SCE is a data visualization method which shows the clusters in well-clusterable data. The input is a pairwise similarity matrix, which is often obtained by using Entropic Affinity or K-nearest-neighbor graph.

The SCE program is a standalone excutable which has been tested in Ubuntu. We also provide wrappers in Python and Matlab.

Prerequisite

Install GSL (GNU Scientific Library) before compilation by sudo apt-get install libgsl-dev

Compilation

Modify the CUDA architecture in compile.sh to fit your GPU. Here I use Quadro RTX 4000, so it is "-gencode arch=compute_75,code=sm_75". Then run compile.sh.

Demo usage

For Matlab, see demo.m. For Python, see demo_vectors.py or demo_similarities.py.

Demonstration

You can download the data here to repeat the following demos. Note that some similarity matrices may be non-normalized (SCE will normalize them internally).

SHUTTLE data set

58,000 data points. Data source. Pre-computed similarity matrix (entropic affinity with perplexity 30).

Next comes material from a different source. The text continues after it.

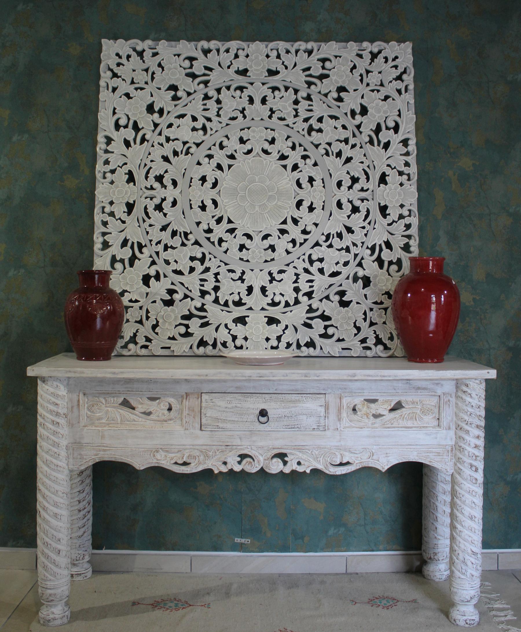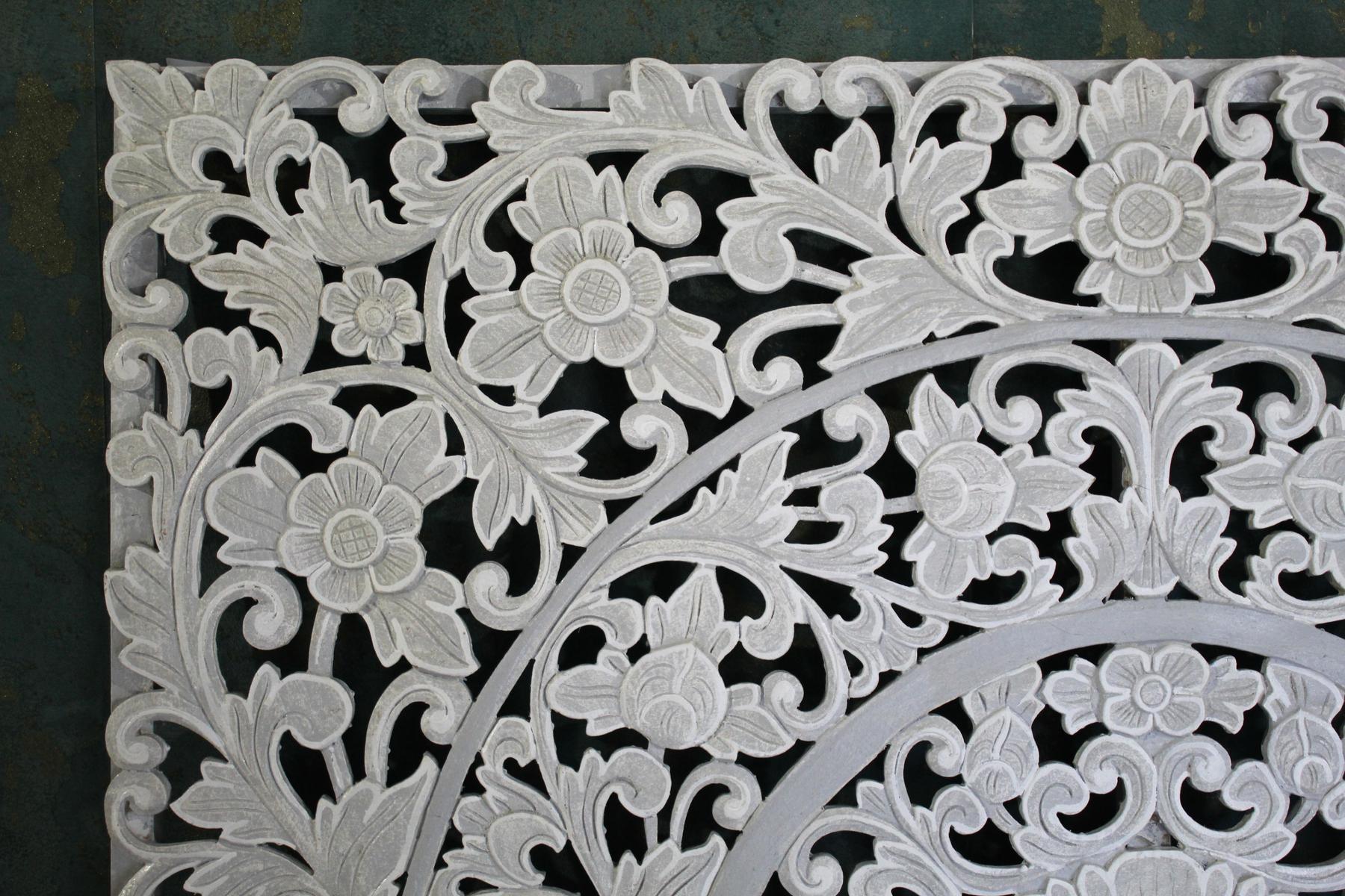 Il pannello Uluwatu, di forma quadrata completamente intagliato a mano con soggetti naturali; è realizzato in legno e pasta di legno , sui toni del grigio, con una lavorazione particolare che dà l’ idea della pietra, eseguita da abili artigiani Indonesiani.

SCE (69 seconds) t-SNE LargeVis UMAP
shuttle sce shuttle tsne shuttle largevis shuttle umap

MNIST data set

70,000 data points, Data source, Pre-computed similarity matrix (10-nearst-neighbor graph).

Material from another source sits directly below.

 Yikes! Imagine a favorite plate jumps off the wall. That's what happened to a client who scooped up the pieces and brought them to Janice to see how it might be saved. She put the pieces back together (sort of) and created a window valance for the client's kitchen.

SCE (47 seconds) t-SNE LargeVis UMAP
mnist sce mnist tsne mnist largevis mnist umap

IJCNN data set

126,701 data points. Data source, see ijcnn1. Pre-computed similarity matrix (entropic affinity with perplexity 30), where class labels stand for ten engines instead of the original binary.

SCE (75 seconds) t-SNE LargeVis UMAP
ijcnn sce ijcnn tsne ijcnn largevis ijcnn umap

TOMORADAR data set

120,024 data points. The data was collected via a helicopter-borne microwave profiling radar termed FGI-Tomoradar to investigate the vertical topography structure of forests. The original vectorial data (NB! 5.6GB). Pre-computed similarity matrix (50-nearest-neighbor graph).

SCE (660 seconds) t-SNE LargeVis UMAP
tomoradar sce tomoradar tsne tomoradar largevis tomoradar umap

FLOW-CYTOMETRY data set

1,000,000 data points. Data source. Preprocessed vectorial data. Pre-computed similarity matrix (15-nearest-neighbor graph).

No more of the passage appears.